> **REQUIRED ACTION**
Pictures excluded, output exactly the lines from the one containing "- Пластырь Ранапласт" through the last line of the listing below.

> **DATA FOR THIS EXERCISE**
##############################

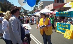 一个名叫索菲亚·波格·珀特(SOPHIA BONGER PONT)的女士在展位前和学员谈了很久。了解了真相后的她不但在征签表上签名支持法轮功,还表示终于找到了她非常想找寻的一个能使人平静祥和、积极向上的修炼方法。她想参加这个地区的下一个免费教功班,并当场请了英文版《转法轮》回家阅读。这个地区并不多见的中国老年人也走过来接下《九评共产党》等资料回去细读。
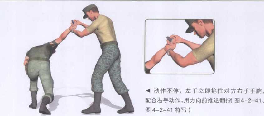 ?然后身体猛然向右拧转右手抓住对方持刀手拳面顺势向右侧翻拧令其产生剧痛(图4-2-40、图4-2-40特写)
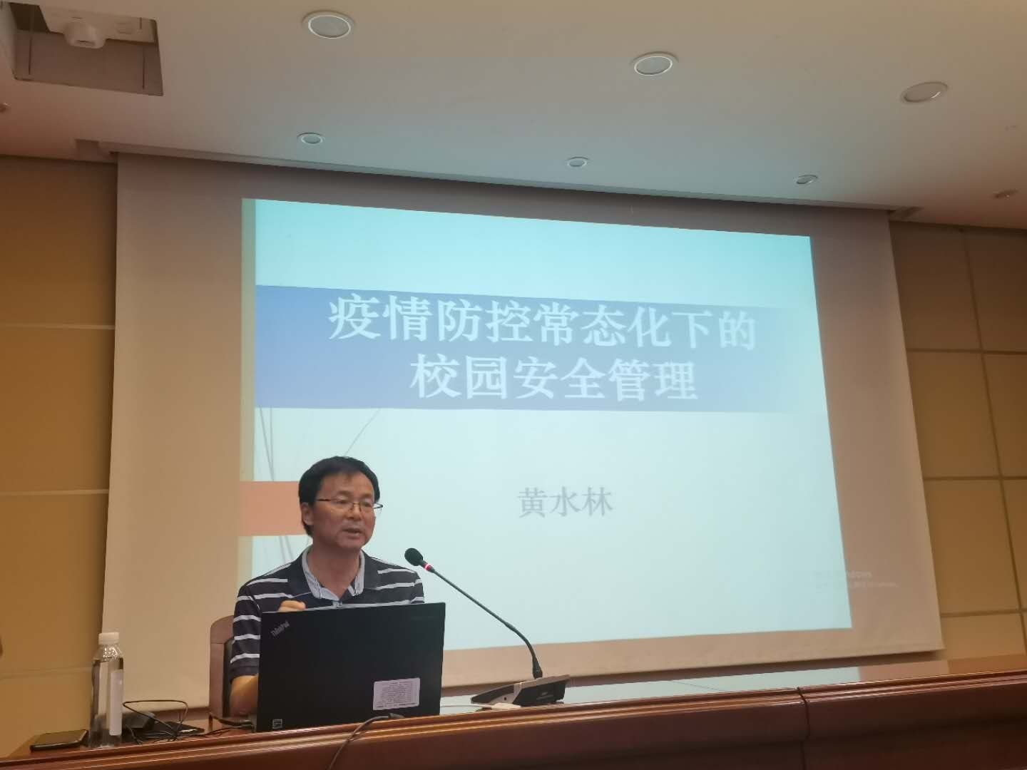 表彰会后,黄水林处长以《疫情常态下的校园防控管理》为题,以近期其他高校的突发事件为例,对全体保安员开展专题培训,规范校园安全管理、狠抓安保措施落实、提升安全力量的处突能力。
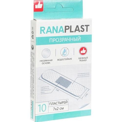 - Пластырь Ранапласт Pharmadoct Водостойкий на полимерной основе прозрачный 7х2см №10
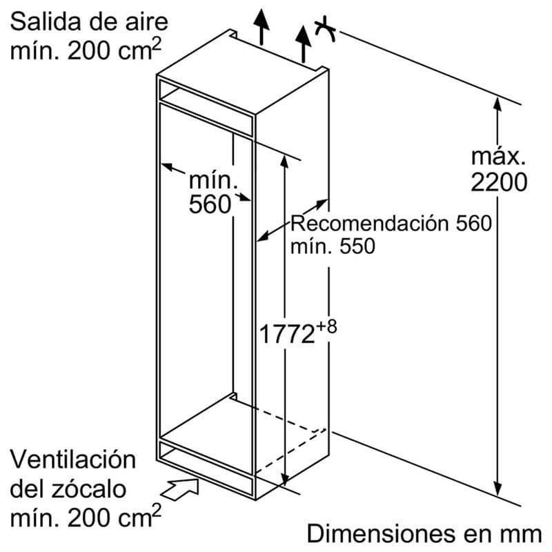 – Kích thước lắp đặt (chiều cao x chiều rộng x chiều sâu): 177,5 x 56 x 55 cm

##############################

> **RESULT**
 - Пластырь Ранапласт Pharmadoct Водостойкий на полимерной основе прозрачный 7х2см №10
 – Kích thước lắp đặt (chiều cao x chiều rộng x chiều sâu): 177,5 x 56 x 55 cm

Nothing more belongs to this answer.